また会社の定める「1箇月以内の一定の期間の総労働時間」を下回るといったケースもあるようです。
*弊社ではこうした「合理的理由がないにもかかわらず、所定労働時間と実労働時間との間にしばしば著しい過不足」が発生した場合、その社員をフレックス勤務制の適用から除外することで対応します。
現実的に「導入可能な職種に制限」がある
フレックスタイム制は職種によって導入の「向き不向き」があるのが事実です。
たとえば導入に向いているのはデザイナーやエンジニア、研究職などの業種に携わる労働者でしょう。このような人たちは、ある程度自分の裁量で働くことが可能なため「今日はここまでやって、残りは明日に回そう」などといった考え方が取りやすい職種です。
しかし「営業職」や「店舗スタッフ」ほか、他部署、他企業との連携の多い職種だと、相手側の営業時間に左右されることも多いため、現状の日本ではフレックスタイム制の導入には不向きであると言わざるをえません。
*弊社では、制度適用対象者であれば職種を問わずフレックスタイム制が適用されます。
「フレックスタイム制」への反対意見
個人的には「フレックスタイム制」に賛成派ですが、しかしこのような働き方に「反対」だという意見も、もちろん存在します。

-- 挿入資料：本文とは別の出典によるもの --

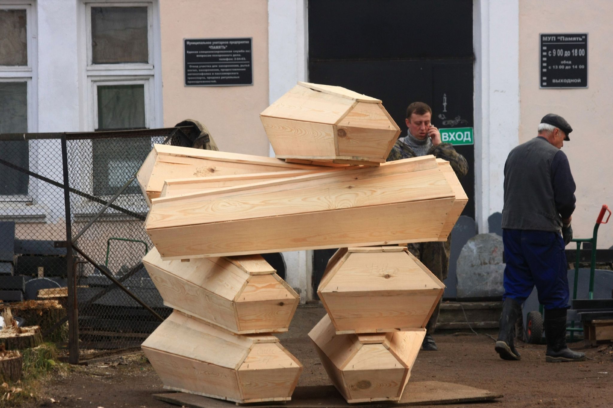 Виктор Бартенев / Интерпресс / PhotoXPress Новые гробы в Подпорожье в Ленинградской области, 2 ноября 2010 года

以下にいくつか「フレックスタイム制」に反対する意見も見てみましょう。
いまの自分には必要ない/現状で満足している
まず「いまの自分には必要ない」という意見です。
たとえば独身の場合や、自宅から勤務先が近いなど現状でもある程度、自分の裁量で仕事とプライベートの時間を確保できているという方が多いのだと推測します。
ただこうした意見の方々も例えば「結婚したら」「家族の介護が必要になったら」「子育てするようになったら」など、「将来的に生活スタイルが変化するようになったら必要である」と考えているケースも多いようです。
制度の内容がよくわからない
これは細かく言えば「反対」でも「賛成」でもない「どっち付かず」の意見でしょう。
そもそも制度の内容を把握していないため、賛成も反対も意見がないのは当然のことです。
ただ個人的には、賛否はともあれ今そのような働き方に対する意見すらないという現状を、もう少し見直してみたほうが良いとは感じますが…。
規則正しい生活スタイルを保てなくなる
フレックスタイム制を導入すると「規則正しい生活スタイルが保てない」という意見です。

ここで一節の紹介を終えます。